FOR i% = 0 TO hashTableSize - 1
PRINT RIGHT$("00" + LTRIM$(STR$(i%)), 3); " ";
wordIds = hashTable(i%)
FOR j% = 1 TO LEN(wordIds) STEP 2
PRINT CVI(MID$(wordIds, j%, 2));
NEXT j%
IF (POS(0) < 40) THEN
PRINT SPACE$(41 - POS(0));
ELSE
PRINT
END IF
NEXT i%: PRINT: PRINT
' prompt user
DO
LOCATE 22, 1: PRINT SPACE$(160);
LOCATE 22, 1: INPUT "Word: ", myWord
IF (LEN(myWord) = 0) THEN EXIT DO
wordFound = -1
' generate hash key for the word
myHashKey = getHash%(myWord)
' see if there's something in the hash table
wordIds = hashTable(myHashKey)
' search all wordTable indices registered under that hash
FOR i% = 1 TO LEN(wordIds) STEP 2
IF LCASE$(wordTable(CVI(MID$(wordIds, i%, 2)))) = LCASE$(myWord) THEN
wordFound = CVI(MID$(wordIds, i%, 2))
EXIT FOR
END IF
NEXT i%
' summary
PRINT CHR$(34); myWord; CHR$(34); " ";
IF (wordFound = -1) THEN
PRINT "not found"
ELSE
PRINT "found: wordTable("; LTRIM$(STR$(wordFound)); "), via ";
PRINT "hashTable("; LTRIM$(STR$(myHashKey)); ")"
END IF
DO: LOOP UNTIL LEN(INKEY$)
LOOP
' list of random stuff
DATA "pizza","yogurt","pasta","chicken","soup","shoes","books","shirts"
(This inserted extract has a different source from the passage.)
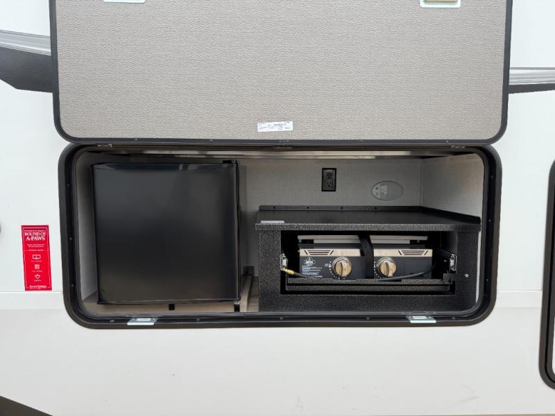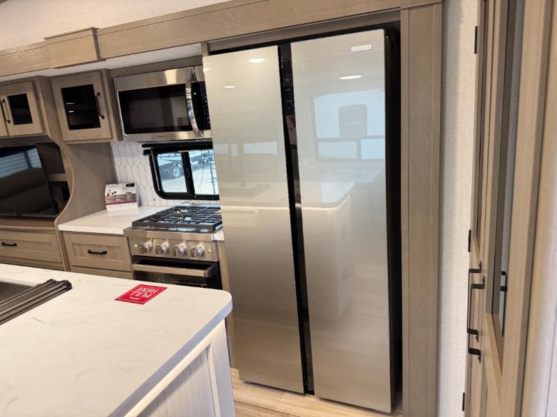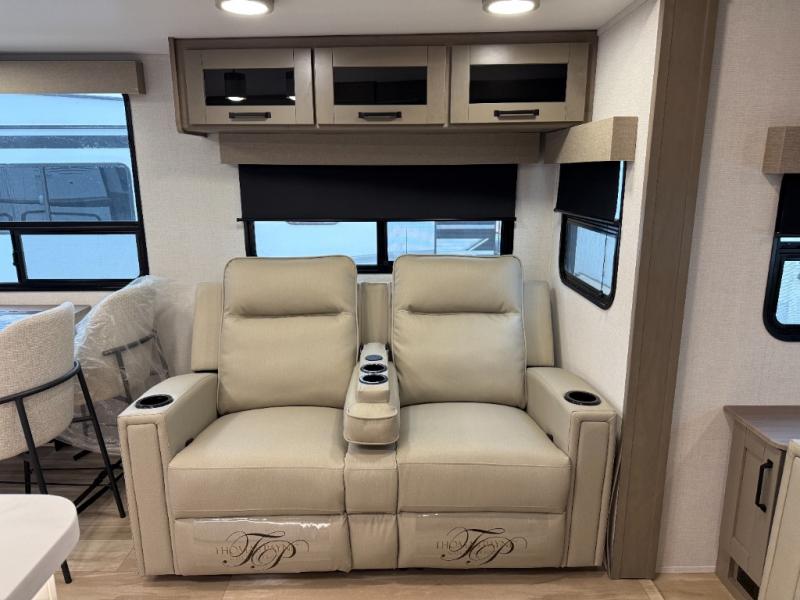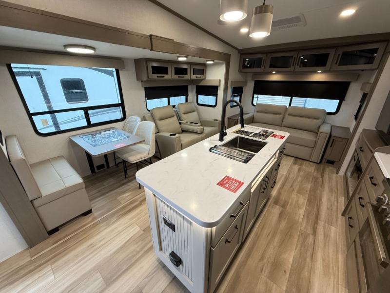 Travel to see new state parks, RV resorts or your family in other states as you tow this fifth wheel to each destination! You will enjoy comfort and convenience, plus a place to work, and be able to offer extra sleeping space for friends and family when they visit. The middle extra room provides a tri-fold sofa slide, a desk, a wardrobe, plus a 64" x 88" upper bed loft area with access from the hallway. The full bathroom will keep everyone refreshed, and the front bedroom allows you to sleep on a queen bed slide or choose the king option. And you will love the front wardrobe, the dresser, and the option to add a washer/dryer. The main living and kitchen area provides plenty of seating from the rear tri-fold sofa, the booth dinette or swivel dinette option, and the theater seats with cupholders. And the kitchen island, appliances, and large pantry allow you to take everything you need with you.

DATA "knife","computer","clock","phone","light","water","soda","hat"
DATA "wallet","bucket","bin","calendar","broom","saw","scissors","guitar"
DATA "raft","tree","bottle","bed","tv","rope","door","stairs",""
' generate a hash from a simple character string
FUNCTION getHash% (src AS STRING)
DIM sum AS INTEGER
FOR i% = 1 TO LEN(src)
sum = (sum + (((ASC(MID$(src, i%, 1)) OR 32) - 97) * (i% * 26))) MOD hashTableSize
NEXT i%
getHash% = sum
END FUNCTION
It's very fast because we essentially break down a large list into smaller lists we can search linearly, and the hash key tells us which list we have to search in order to retrieve what we want. This technique can search lists of over 1,000 items in no time, even on a 8Mhz! You can test it out by writing your own code using a list of common english words (there's a much larger list over here.) Just remember that you need a good algorithm that returns evenly distributed hash keys, and a hash table that is large enough to reduce the odds of multiple entries being located at the same spot.
If you were to work with very large datasets straight from files, the disk device will be a bottleneck. Try to combine both a hash table and a binary search: in case of collision, insert new ids into the list by alphabetical order, so a binary search could be used in place of a linear search. When looking for variable-length structures in a file, create an extra table that would point to the offset of each entry... the possibilities are endless!